The correct and proper reply was that you sort your problems as defendants as it has nothing to do with us.”
22 The next event was that the exception had been set down for hearing two days later, on 13 November 2012. On that day Counsel representing the plaintiff appeared and requested a postponement because he was not ready to argue the matter. By agreement between the parties the exception was removed from the roll on 13 November 2012 as a sign of courtesy to the plaintiff, and it was agreed that it would be set down in two weeks’ time. The plaintiff’s attorney also agreed to this. This was intended to afford the plaintiff’s Counsel sufficient time to study the documents and to prepare heads of argument.

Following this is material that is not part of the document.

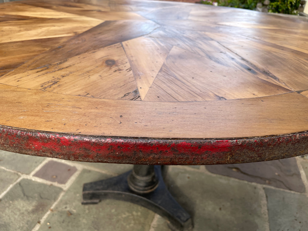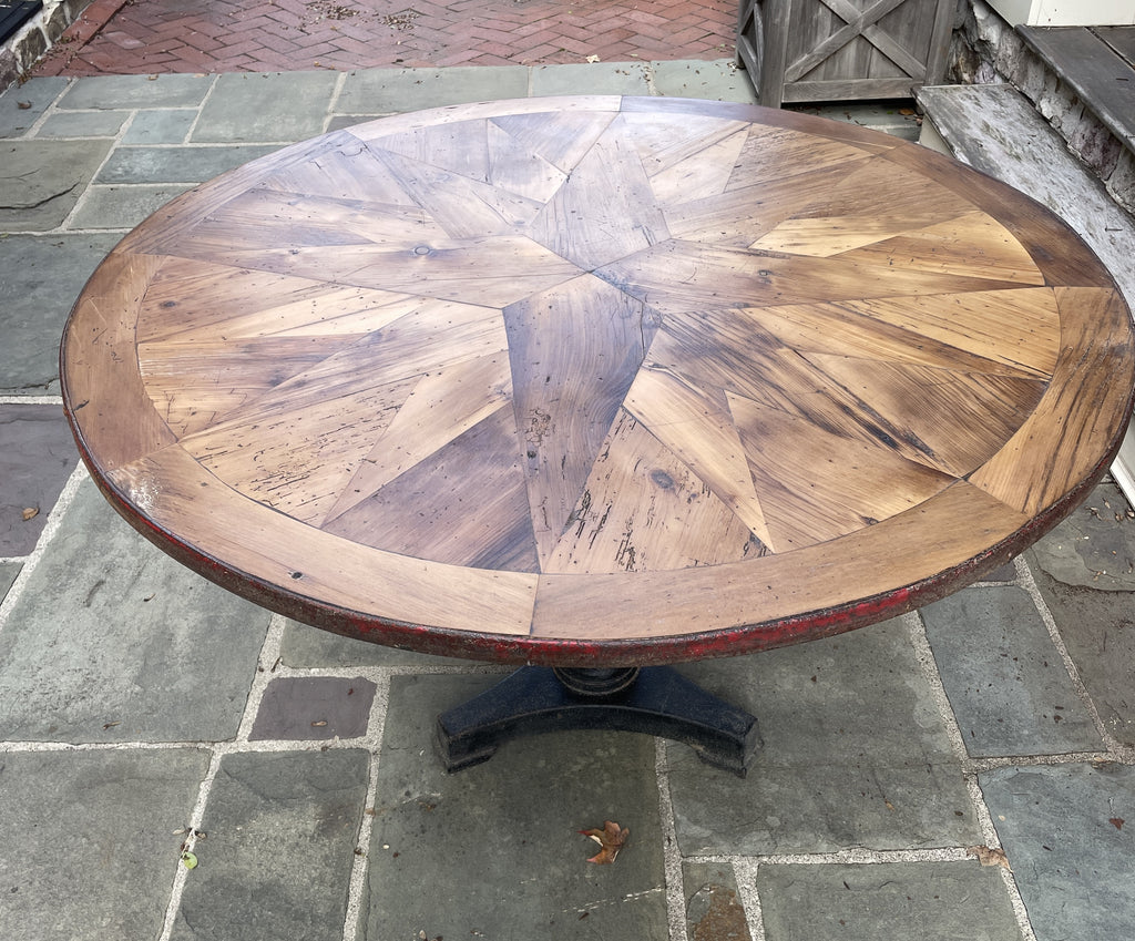 Handcrafted 48" round table featuring an inlaid compass rose design made from reclaimed pine, framed in iron salvaged from an antique wagon wheel. The base is a vintage cast iron pedestal, sturdy and sculptural in black.

23 On 20 November 2012 Webber Wentzel wrote a letter to the plaintiff’s attorney which read as follows:
“We confirm the telephonic conversation on even date between our Mr Candy and your Ms Selamolela where we confirmed that we will be setting down our clients’ exception in two weeks’ time.
The date that we are looking at is 4 December 2012.
We will serve a copy of the papers on your shortly.”
24 The matter was then set down for 4 December 2012 and came before Acting Judge Myburg on 5 December 2012. There was no appearance for the plaintiff and having read the documents and having considered the matter, Judge Myburg upheld the first and second defendants’ exception dated 31 October 2012 and, as already stated, granted the plaintiff 10 days from date of service of the order on the plaintiff’s attorneys to amend her particulars of claim. The plaintiff was ordered to pay the costs of the exception.
25 On 10 January 2013 Webber Wentzel served on the plaintiff’s attorneys a letter which enclosed a copy of the order of Myburg AJ and requested that the plaintiff amends her particulars of claim within 10 days. There was no substantive response to this letter and when by 25 July 2013 there was no notice of intention to amend the particulars of claim or an amendment, the dismissal application was launched. On 26 August 2013 the plaintiff’s attorneys filed an answering affidavit and on 15 January 2014, some four and a half months later, the replying affidavit was served.
26 The dismissal application was then enrolled for hearing in August 2014. Just before it was heard, on 5 August 2014, the plaintiff launched the rescission application, asking for condonation for the delay in bringing the application, represented by the period from 10 January 2013 to 5 August 2014. The plaintiff also asked for a rescission of the judgment by Judge Myburg dated 5 December 2012.
27 When the matter came before Judge Weiner on 15 August 2014 she made the order to which I referred above, to the effect that the matters be heard together.
28 Thereafter, on 5 October 2014, the plaintiff delivered amended particulars of claim after having delivered a notice of intention to amend. In argument before me the Johannesburg Road Agency and City of Johannesburg Municipality contended that this action was inconsistent with the application to rescind the judgment which had set aside the particulars of claim.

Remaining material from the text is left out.